- [TASK INSTRUCTIONS]: Write out every record below exactly, leaving the pictures out.

__________

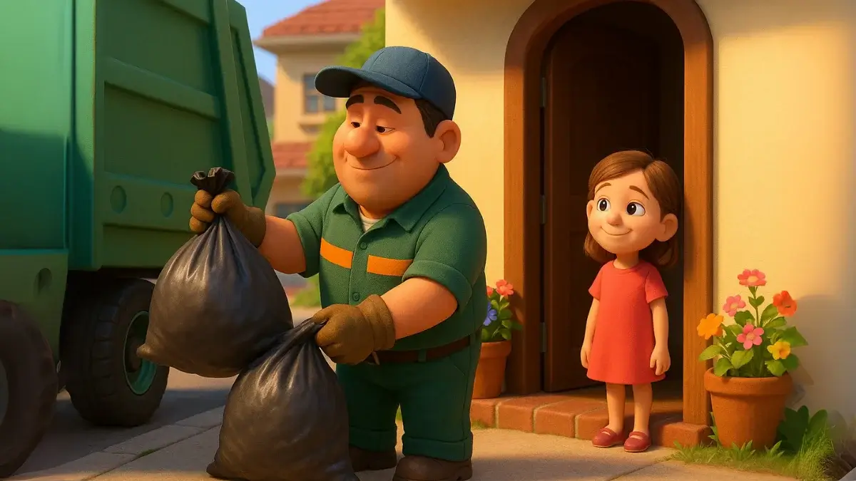 Her gün aynı saatte, elinde büyük bir çöp arabasıyla geçen çöpçü amcayı fark eder ama onun işinin ne kadar önemli olduğunu hiç düşünmezmiş.
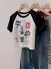 Camiseta de manga curta com estampa de flocagem de algodão puro bordado da indústria pesada, camiseta feminina de verão, gordinha, retrô, da moda, de marca, de nicho, roupas de cima
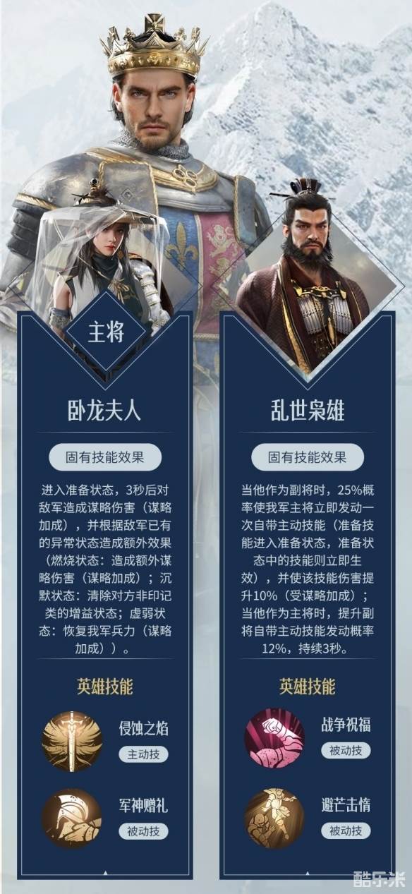 被动:我军副将造成伤害降低(无法被净化),我军主将自带主动技能发动概率提升(不受属性加成) 造成伤害提升(谋略加成)。
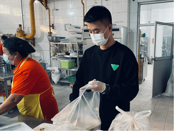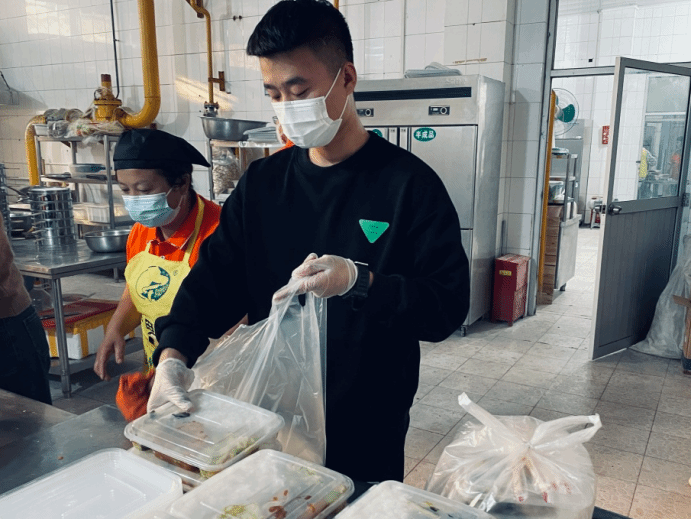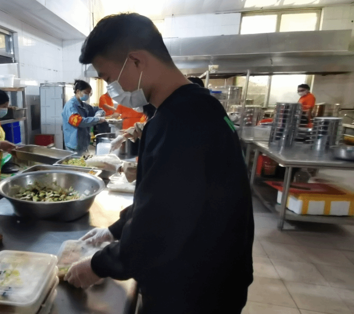 在志愿活动期间,李泽华同学主要负责组织三餐盛饭,到报餐处核实餐数以及与老师核实酒店隔离餐数,为静默期间的同学们提供他们的一日三餐。即使在迎新点没有他忙碌的身影,但在食堂后厨有他辛苦的付出。志愿者的工作很多时候是站在那里,可能一站就是两个小时重复着一样的动作,但是他没有任何怨言,他说:“我是一名退伍军人,退伍不褪色,爱国是一种精神,服务人民更是一种责任。我要在默默的付出中找到自身的价值,在大家的相互配合,合理分工之下,带着使命感完成任务”
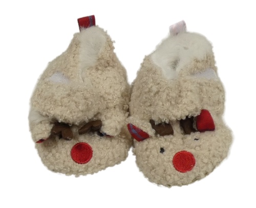 • Béžové huňaté vánoční zateplené válenky se soby vel. 15
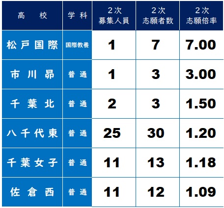 ※昨年度の船橋法典では、募集人員19人に対して出願36人の 1.89倍でしたが、そのうち17人が志願変更して確定倍率はぴったり 1.00倍になりました
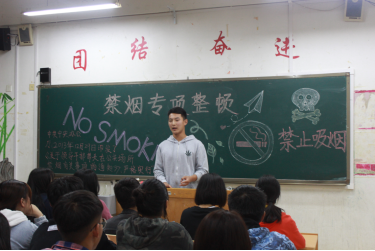 为营造文明、健康、安全的校园环境,培养优良学风和校风,根据学院的相关规定,按照系部领导的要求,我系开展学生禁烟宣传教育主题班会,在班会上各班班长说明吸烟的危害性,并强调严禁所有人在公共场所抽烟,同时宣读了学校关于吸烟和禁烟的有关规定。
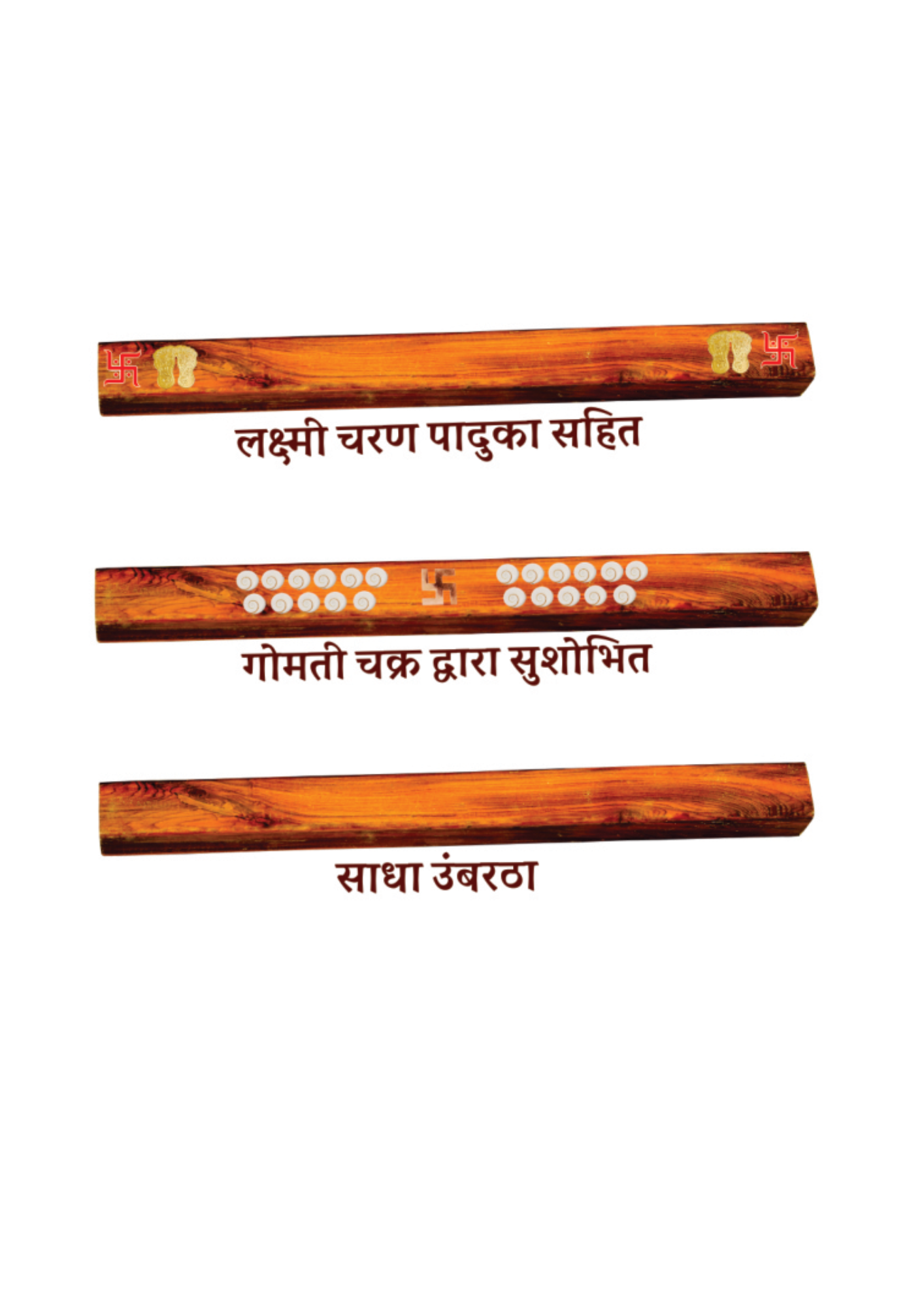 ‘Umbartha’, commonly called as ‘Umbara’ or a doorway is made of wood. It is given a very scared importance in the holy books of Sthapathya Ved. It is fixed on the floor between the main entrance and the door frame. We offer our customers the Umbartha (doorway)made of sacred wood and embedded with the precious gems according to Sthapathya Ved. The product is customized according to the size and other requirement of the door. Using such Umbartha enhances the positivity of the main door.

__________

- [EXERCISE RESPONSE]:
 Her gün aynı saatte, elinde büyük bir çöp arabasıyla geçen çöpçü amcayı fark eder ama onun işinin ne kadar önemli olduğunu hiç düşünmezmiş.
 Camiseta de manga curta com estampa de flocagem de algodão puro bordado da indústria pesada, camiseta feminina de verão, gordinha, retrô, da moda, de marca, de nicho, roupas de cima
 被动:我军副将造成伤害降低(无法被净化),我军主将自带主动技能发动概率提升(不受属性加成) 造成伤害提升(谋略加成)。
 在志愿活动期间,李泽华同学主要负责组织三餐盛饭,到报餐处核实餐数以及与老师核实酒店隔离餐数,为静默期间的同学们提供他们的一日三餐。即使在迎新点没有他忙碌的身影,但在食堂后厨有他辛苦的付出。志愿者的工作很多时候是站在那里,可能一站就是两个小时重复着一样的动作,但是他没有任何怨言,他说:“我是一名退伍军人,退伍不褪色,爱国是一种精神,服务人民更是一种责任。我要在默默的付出中找到自身的价值,在大家的相互配合,合理分工之下,带着使命感完成任务”
 • Béžové huňaté vánoční zateplené válenky se soby vel. 15
 ※昨年度の船橋法典では、募集人員19人に対して出願36人の 1.89倍でしたが、そのうち17人が志願変更して確定倍率はぴったり 1.00倍になりました
 为营造文明、健康、安全的校园环境,培养优良学风和校风,根据学院的相关规定,按照系部领导的要求,我系开展学生禁烟宣传教育主题班会,在班会上各班班长说明吸烟的危害性,并强调严禁所有人在公共场所抽烟,同时宣读了学校关于吸烟和禁烟的有关规定。
 ‘Umbartha’, commonly called as ‘Umbara’ or a doorway is made of wood. It is given a very scared importance in the holy books of Sthapathya Ved. It is fixed on the floor between the main entrance and the door frame. We offer our customers the Umbartha (doorway)made of sacred wood and embedded with the precious gems according to Sthapathya Ved. The product is customized according to the size and other requirement of the door. Using such Umbartha enhances the positivity of the main door.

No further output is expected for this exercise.